Driving a car is like piloting a lethal weapon. Your vehicle is
capable of doing a lot of damage if you aren't careful. Even if you are
a careful driver, nobody's perfect. Besides, you still have to worry
about the actions of other drivers who may not be as conscientious.
That's why it's important to have insurance. You are liable for
any damages that occur as a result of any auto accident that’s your
fault, and the price tag can easily run into the thousands of dollars
even for just a minor accident. For most people, an accident would be a
financial catastrophe. For this reason, the state of California
requires you to show that you are financially responsible enough to
handle of the potential consequences of driving your car. The law
provides three different ways for you to demonstrate financial
responsibility:
- Deposit $35,000 cash with the DMV.
- Get a surety bond of $35,000 from a licensed California insurance
company.
- Get a certificate of self-insurance from the DMV if you own a fleet
(more than 25 vehicles).
- Obtain an insurance policy with the following liability limits:
$15,000 of bodily injury coverage per person, $30,000 of bodily injury
coverage per accident, and $5,000 of property damage coverage.

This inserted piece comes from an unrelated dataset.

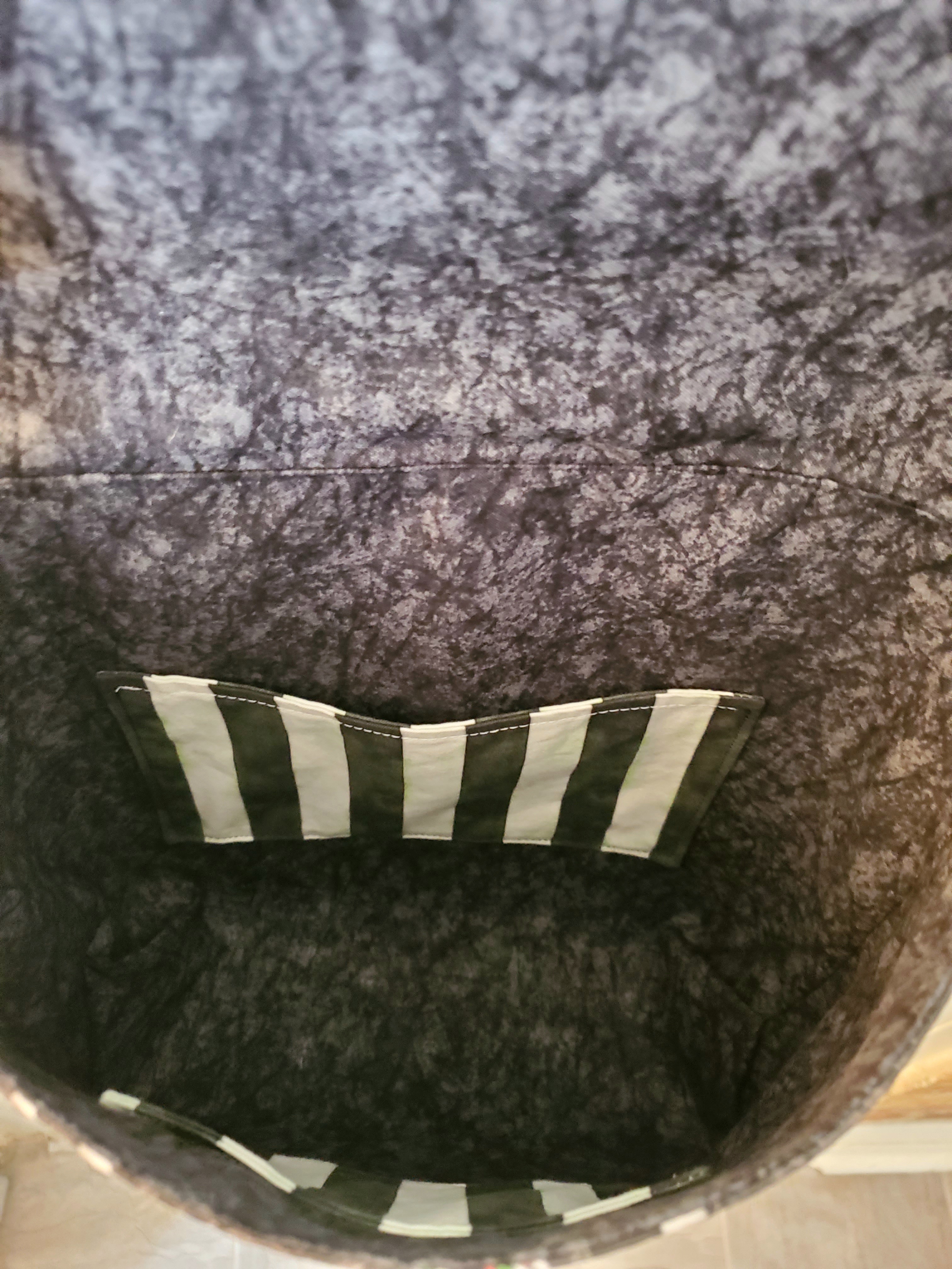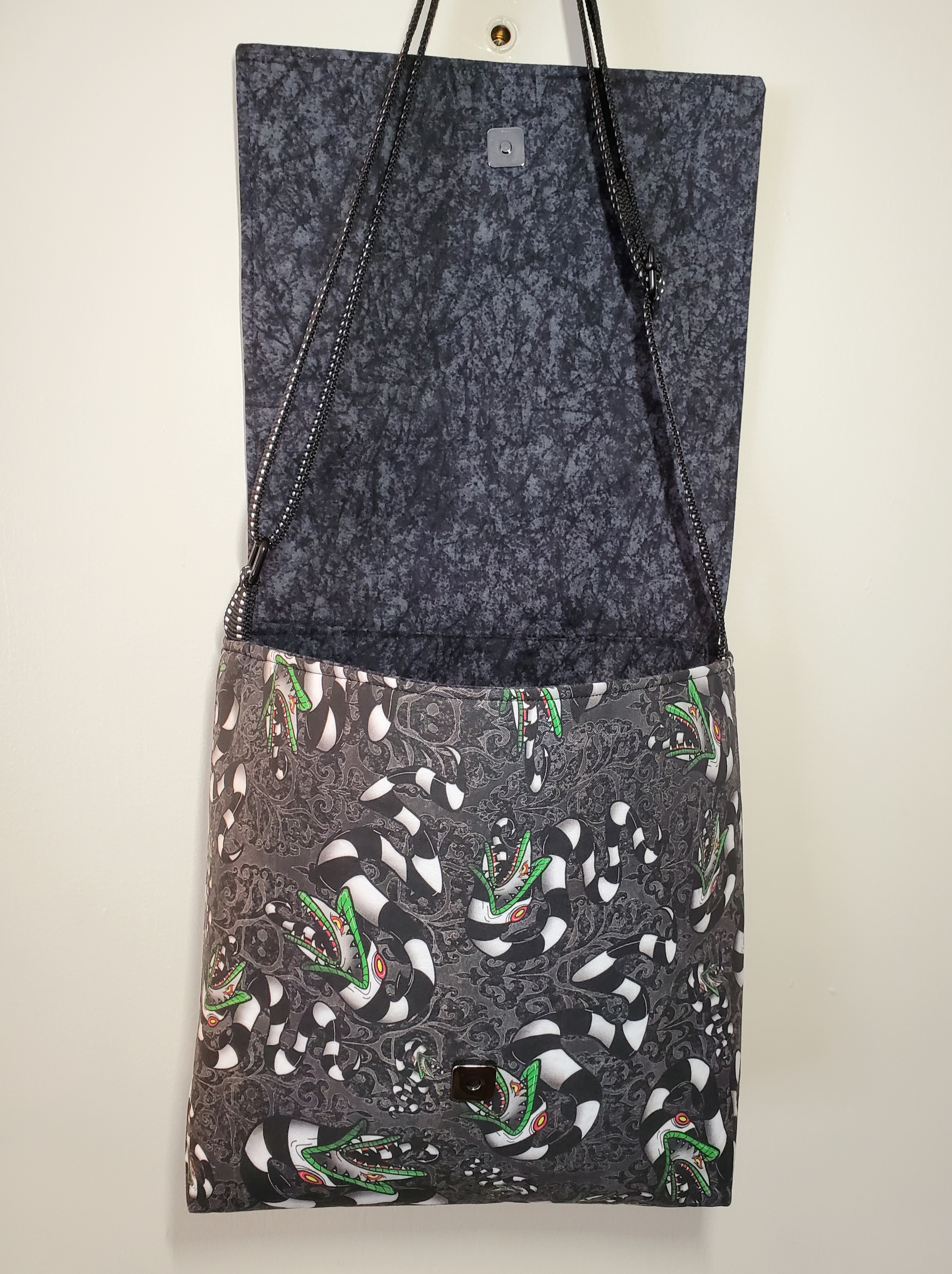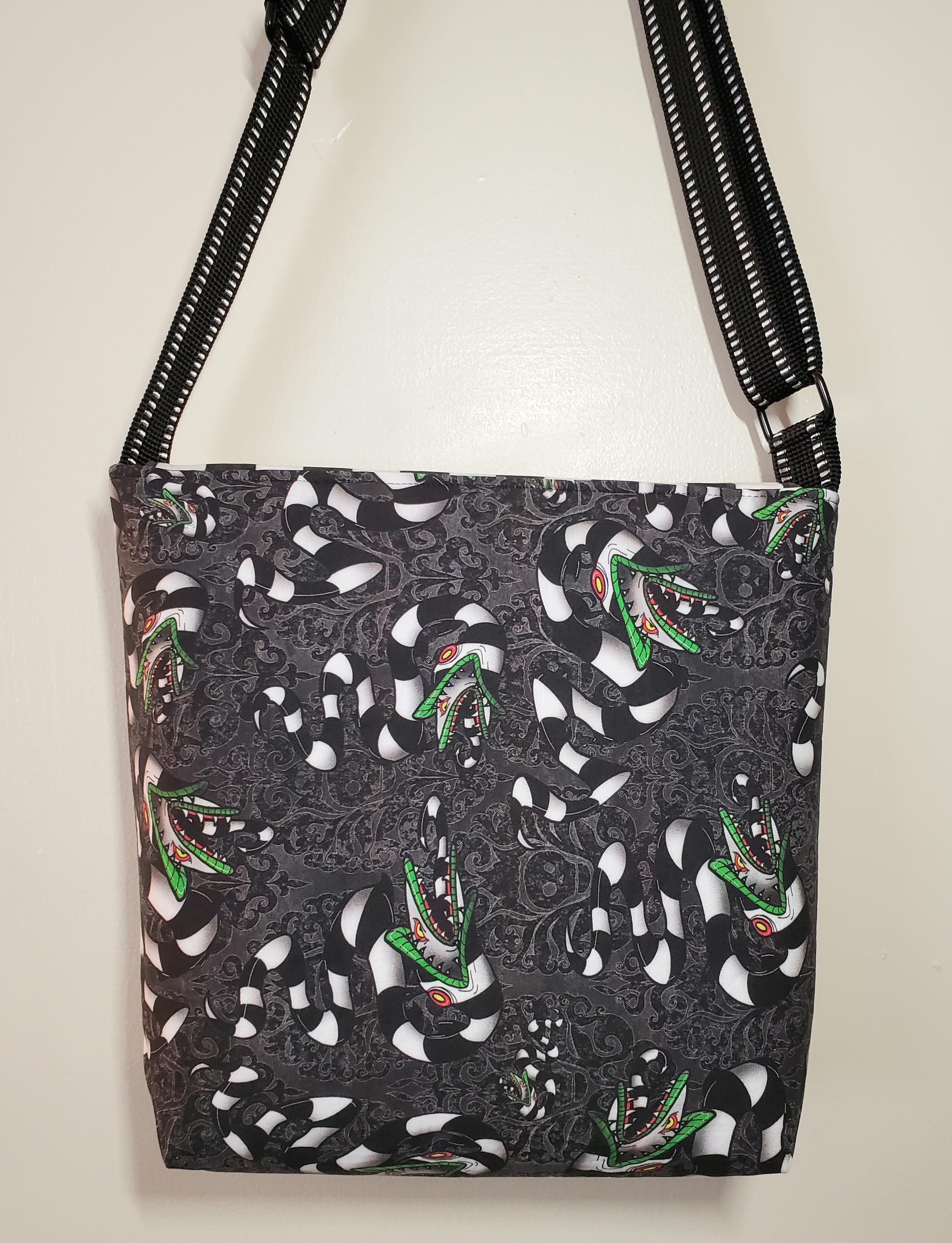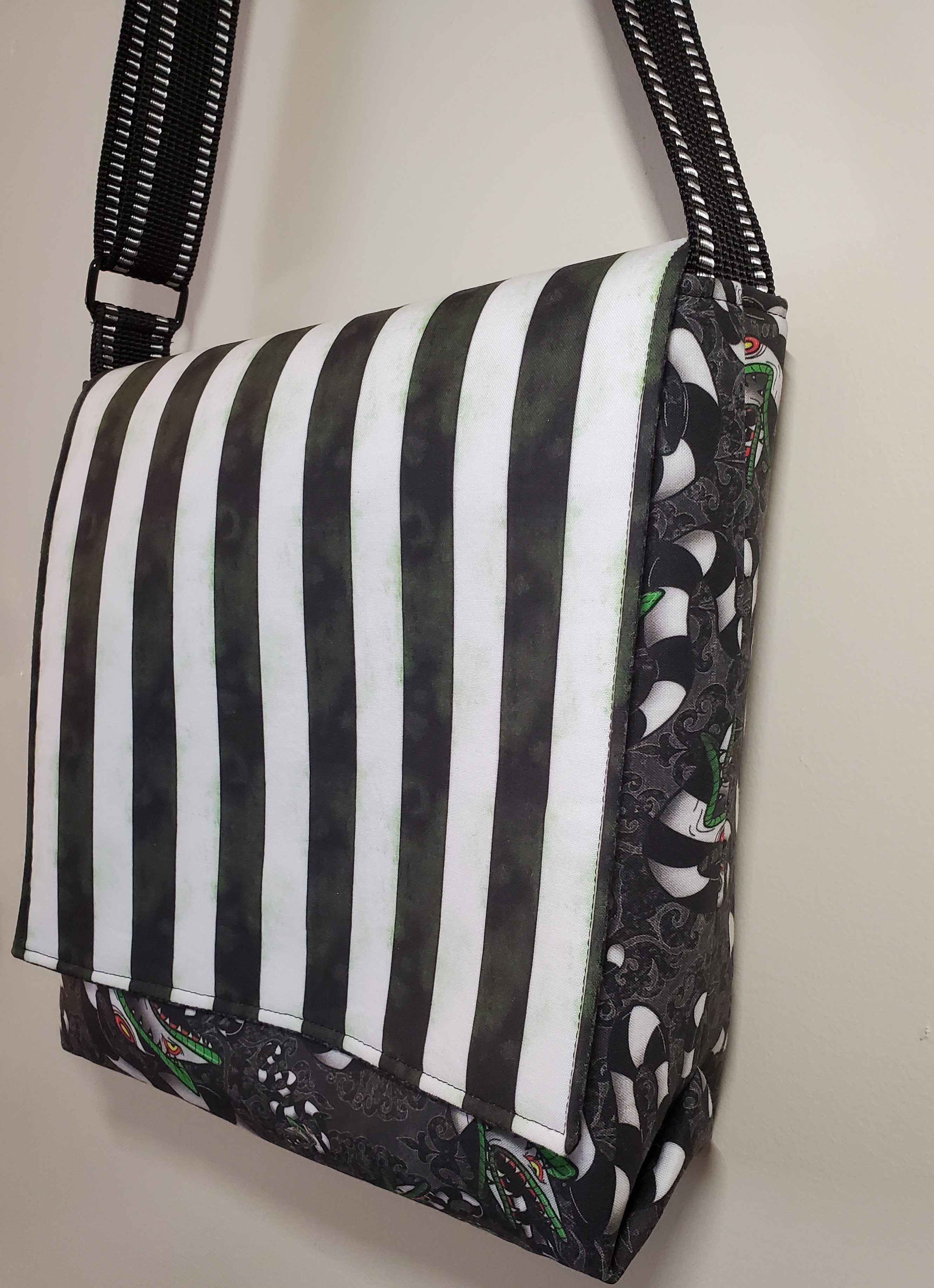 This Beetlejuice-inspired messenger bag will turn heads as you travel through the underworld! Features a bold sandworm print for the body and a black & white stripe suit for the flap (complete with moldy green splotches). This basic messenger bag is fully lined, has two interior slip pockets, a magnetic snap closure, and adjustable-length strap. Measures approximately 11x10x3.5". Only one available.

Since most of us don't own fleets of vehicles or have 35 grand
laying around to give to the DMV, the most common way to comply with
the law is to take out a California auto insurance policy. A little bit
of background information: An insurance policy is a contract in which
the insurance company agrees to be responsible for your losses up to a
certain limit. This limit is called the "limit of liability." In
exchange for the insurer covering you up to that amount, you pay the
insurance company a predetermined amount of money called a premium.
Then, if you have an accident, the insurance company will pay for
covered damages up to the limits of the policy.